As an aside, the masked predictions of BERT are only reliable for detecting entity types (in the examples above — person and standard) — not for factually accurate predictions, despite the fact BERT may occasionally make factually accurate predictions. Also the first prediction (person) is a stronger prediction given the maximal strength bipartite graph has a mean of .34 and a standard deviation of .09. In contrast the second prediction(standard) has a mean of .18 and standard deviation of .08 indicating it a weak prediction

Step 5. Use BERT’s MLM head to predict each masked position

For each noun term in a sentence, generate a sentence with that term masked. Use BERT’s MLM head to predict context sensitive signatures for the masked position.

He flew from __ to Sfo
Predictions: ['town', 'home', 'city', 'earth', 'heaven', 'north', 'thence', 'east', 'airport', 'village']
He flew from New York to ___
Predictions: ['wherever', 'home', 'found', 'town', 'before', 'were', 'abroad', 'jail', 're', 'each']

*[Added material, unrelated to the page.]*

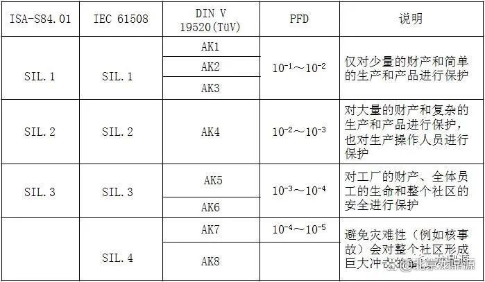 IEC-standardin mukaan se on jaettu SIL1-SIL4: een matalasta korkeaan, SIL1-SIL3: een ISA 84.01: stä ja AK1-AI8: sta matalasta korkeaan DIN V VDE0804: n mukaan. Vastaava suhde niiden välillä on seuraava.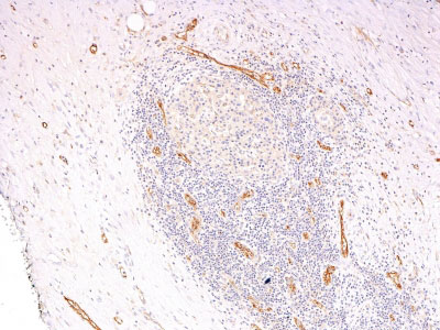 von Willebrand Factor (vWF) is a multimeric glycoprotein that is found in endothelial cells, plasma and platelets. It acts as a carrier protein for Factor VIII and promotes platelet adhesion and aggregation. vWF undergoes a variety of posttranslational modifications that influence the affinity and availability for Factor VIII, including cleavage of the propeptide and formation of N-terminal disulfide bonds. This antibody helps to establish the endothelial nature of some lesions of disputed histogenesis, e.g. Kaposi�s sarcoma and cardiac myxoma. It is widely used for differentiating vascular lesions from those of other tissue differentiation within a panel of other vascular markers although not all tumors of endothelial differentiation contain this antigen.

Step 6. Find close match between context sensitive and context independent signatures

A simple close match function, that yields reasonable results is to pick just one pivot node of the context sensitive signature and do a dot product of that term with all the 6000+ pivots in context independent signature set — then sort them to get entity tag candidates. Instead of just the top pivot we could take the top k pivots to improve confidence of tagging/prediction.

Figure 4. Close match between context sensitive signature and context independent signature. (a) the simplest implementation is a dot product between pivot nodes of the context sensitive signature and the pivots of the sets in context independent signature. A better implementation is to decide the number of nodes to be considered as pivots based on the mean and standard deviation of the nodes in the context sensitive signature and then choose the number of pivots to be considered in the bipartite graph. (b) shows the case when that count is 2. Using al the nodes in the context sensitive signature in the computation is unlikely to yield good results given the standard deviation is much higher in the context sensitive nodes on average. Essentially this is perhaps due to the fact the context sensitive signature when evaluated in the embedding space spreads over a larger region.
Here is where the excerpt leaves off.